I can't find a way to solve this, I know that by using power of the point the other square area is 64cm^2 and that its side length is 8, but for the area of the circle I'm not too sure where to start, can someone help?

Answer 1

Let $X$ be the intersection point.

Hint: Recall that $4 \times 10 = Pow(X) = R^2 - d^2 $.

Let $X = (0,0)$.
The center of the circle is $( -1.5, -3)$, so we can find $d^2$, so we can find $R^2$

Answer 2

The area of the triangle $ABC$ is

$$Area_{ABC} = \frac 12 BX\cdot AC = \frac12 \cdot 5\cdot (4+10) = 35$$

Then, the circumradius of $ABC$ is,

$$R = \frac{AB\cdot BC\cdot CA}{4Area_{ABC}} =\frac{\sqrt{4^2+5^2}\cdot \sqrt{10^2+5^2}\cdot 14}{4\cdot35} =\frac{\sqrt{205}}{2}$$

Thus, the area of the circle is

$$Area_{circle} = \pi R^2= \frac{205\pi}4$$

Answer 3

I added a coordinate system to the picture.
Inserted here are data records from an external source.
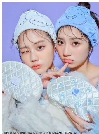
アイテムイメージ
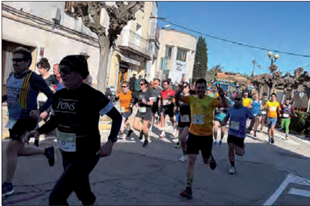
Un moment de la prova

Menàrguens ha acollit aquest el passat diumenge la 12a edició de la Cursa del Sucre. La prova, que és puntuable per la Lliga Ponent 2026, ha reunit a unes 350 persones entre les curses de 10 i 5 kilòmetres, una caminada i curses infantils.
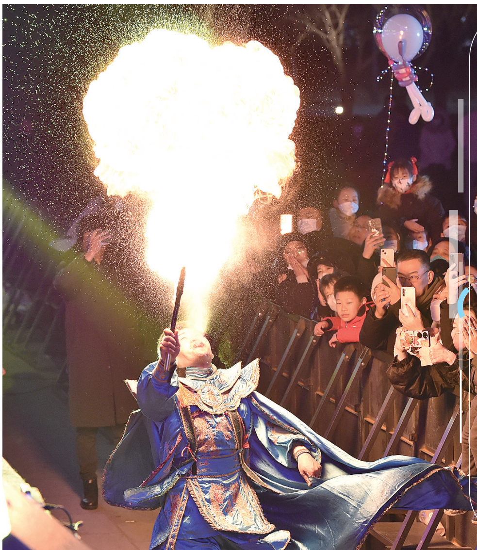
游客在正定园博园观看川剧变脸喷火表演。

• Line $\overleftrightarrow{OG}$ is the perpendicular bisector of chord $\overline{AC}$.
• Line $\overleftrightarrow{OF}$ is the perpendicular bisector of chord $\overline{BD}$.
• Point $O$, the intersection of lines $\overleftrightarrow{OG}$ and $\overleftrightarrow{OF}$ is the center of the circle.

Find the coordinates of point $O$ and the measures of one of the distances to point $A$, $B$, $C$, or $D$. That will give you the radius of the circle.